For regular users, using 2FA to protect their personal data is optional. Today, you can switch on MFA for many social media platforms including Facebook, Twitter, LinkedIn, and Instagram. It’s also available for Dropbox, Google products, Microsoft systems, and many other popular solutions and cloud-based platforms.

 

For businesses, however, multi-factor authentication, and 2FA in particular, is a recommended practice and, in some cases, even a regulatory requirement. For example, PCI DSS requirement 8.3 (from version 3.2) prescribes the use of multi-factor authentication for all network access to the card data environment, both remotely from outside the network and within the trusted network. The use of MFA is also required by NIST.

 

According to the best security practices, here are the four types of tasks that this enhanced identity validation should be used for:

 

  • Confirmation of critical actions and transactions
  • Access to critical endpoints
  • Access to critical data
  • Secondary authentication for shared accounts

 

When to use MFA

 

Although these tasks are naturally interconnected, we distinguish them to better specify the business processes in which multi-factor authentication is required.

  

Benefit from Ekran System’s free 2FA solution

 

You can implement true MFA capabilities with Ekran System's free 2FA tool. Ekran System delivers built-in two-factor authentication options for protecting valuable corporate assets as part of our growing set of identity and access management solutions.

 

Our 2FA tool uses centrally managed TOTP-based authentication as the second authentication factor.
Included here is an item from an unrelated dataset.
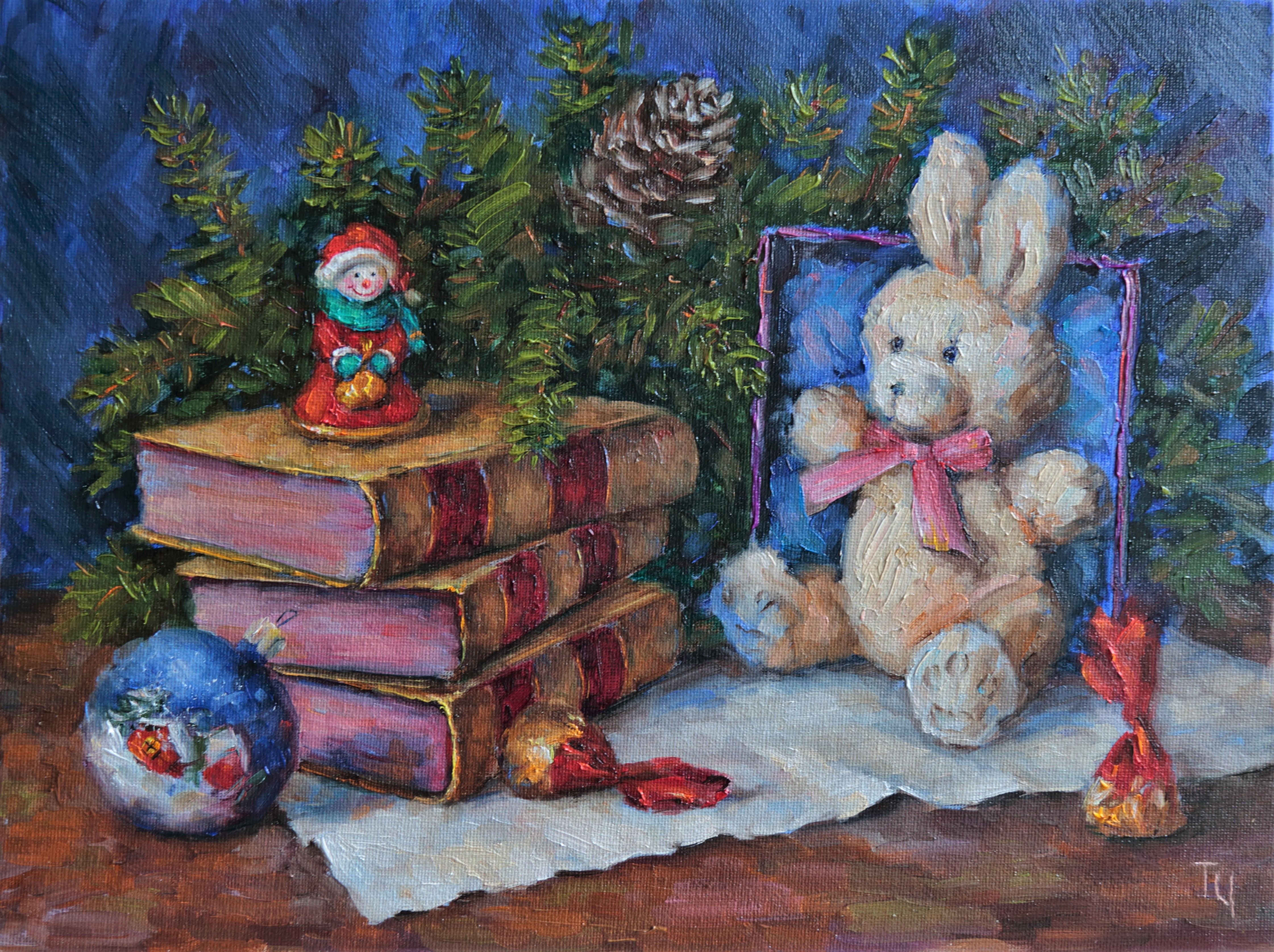 Волшебный натюрморт на новогоднюю тему оживляет атмосферу праздника и приносит радость всем окружающим. Яркие, расписные шары на елке, сверкающие гирлянды и мерцающие огоньки создают уютную и волшебную атмосферу праздника. На столе расположены разноцветные фрукты, сладости и блюда, которые символизируют изобилие и процветание. Аромат свежих хвои и запах вкусных блюд наполняет воздух, добавляя праздничного настроения. В центре натюрморта располагается ожидаемый подарок – ярко упакованный подарочный набор, который уже сейчас разбуждает детскую радость и предвкушение. Новогодний натюрморт – это не только прекрасное украшение интерьера, но и воплощение самых приятных и теплых эмоций, связанных с радостным ожиданием и сбывшимися желаниями в этот волшебный праздник.

Verification codes can be sent to Android and iOS devices via either the Google Authenticator or Microsoft Authenticator app. Plus, you can enable 2FA functionality on any Windows and Linux server with an Ekran System client installed.

 

Also, you can also use Hideez key as an alternative to Ekran System 2FA functionality.

 

Learn more about Ekran System two-factor authentication (2FA) solutions

 

Conclusion

 

Two-factor authentication is essential for ensuring a proper level of access granularity and user identity verification. Contrary to common belief, multi-factor authentication and multi-step authentication are not the same. The distinctive characteristic of true MFA is the use of at least two out of three identity verification factors: knowledge, possession, inheritance.

 

Ekran System offers a free 2FA tool based on the factors of knowledge (user credentials) and possession (a verified user device). This combination of factors is effective, cost-saving, and comfortable, as a user’s mobile phone is all you need to verify their identity.

 

With the help of Ekran System’s 2FA tool, you can protect critical systems and endpoints, limit access to valuable data, and add one more layer of identity verification to the login procedures of privileged users, remote employees, and third parties.